> [Data shown]:
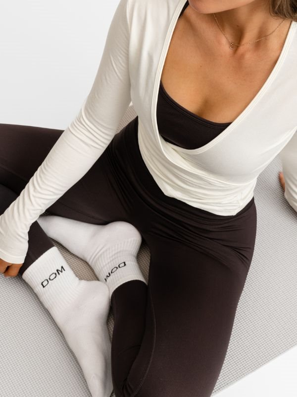 Wrap langærmet blød bluse fra Drop of Mindfulness. Klassisk slå-om bluse et tidløst design med moderne komfort – ideel til både yoga, pilates, eller et afslappet, stilfuldt look i hverdagen.
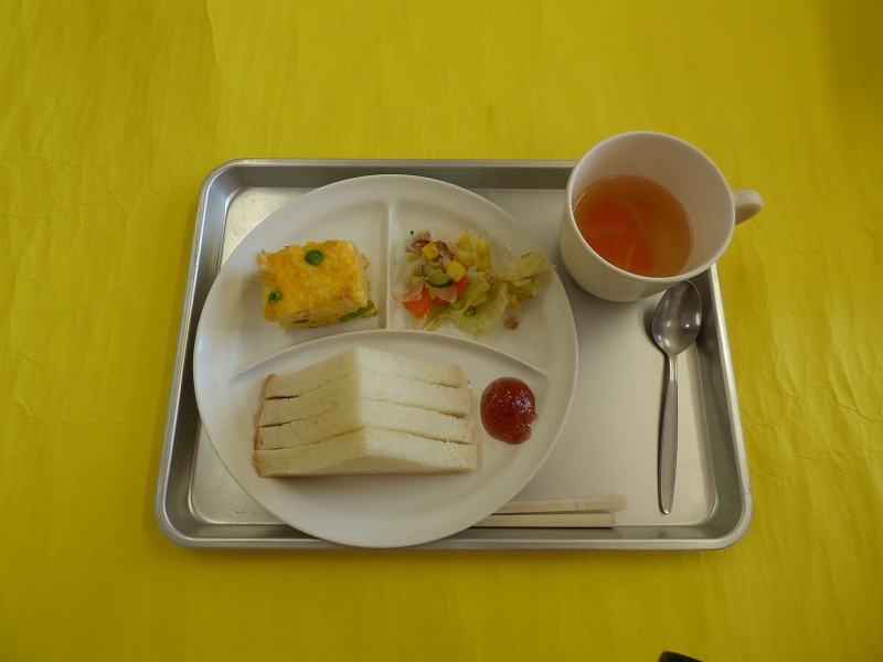 ・食パン・いちごジャム・チーズオムレツ・茹でキャベツのサラダ・ポトフ・・・エネルギー 303Kcal / たんぱく質 15.2g
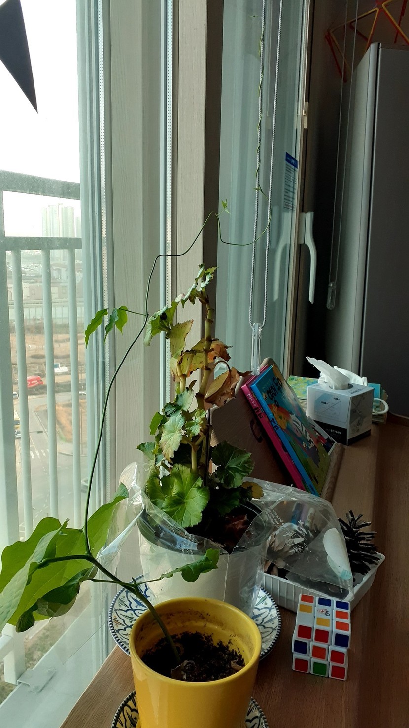 살기위한 몸부림~~참신기하다. 타고 올라 가는 강남콩~~
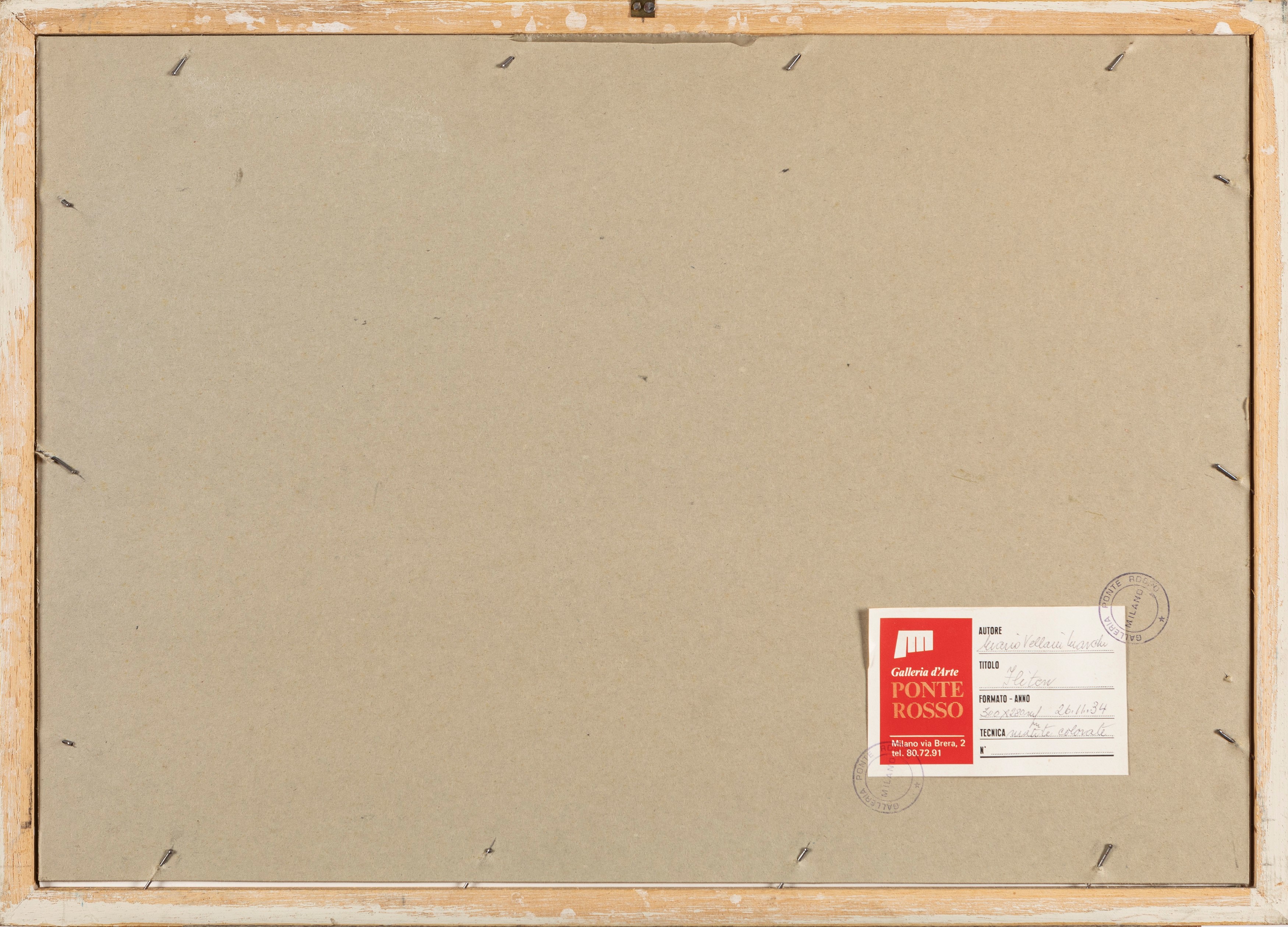 on the back, on the closing card, stamps and label of the Ponte Rosso Art Gallery in Milan

> [Work to be completed]:
Repeat the whole listing above word for word. Leave out the pictures.

> [Output for this exercise]:
 Wrap langærmet blød bluse fra Drop of Mindfulness. Klassisk slå-om bluse et tidløst design med moderne komfort – ideel til både yoga, pilates, eller et afslappet, stilfuldt look i hverdagen.
 ・食パン・いちごジャム・チーズオムレツ・茹でキャベツのサラダ・ポトフ・・・エネルギー 303Kcal / たんぱく質 15.2g
 살기위한 몸부림~~참신기하다. 타고 올라 가는 강남콩~~
 on the back, on the closing card, stamps and label of the Ponte Rosso Art Gallery in Milan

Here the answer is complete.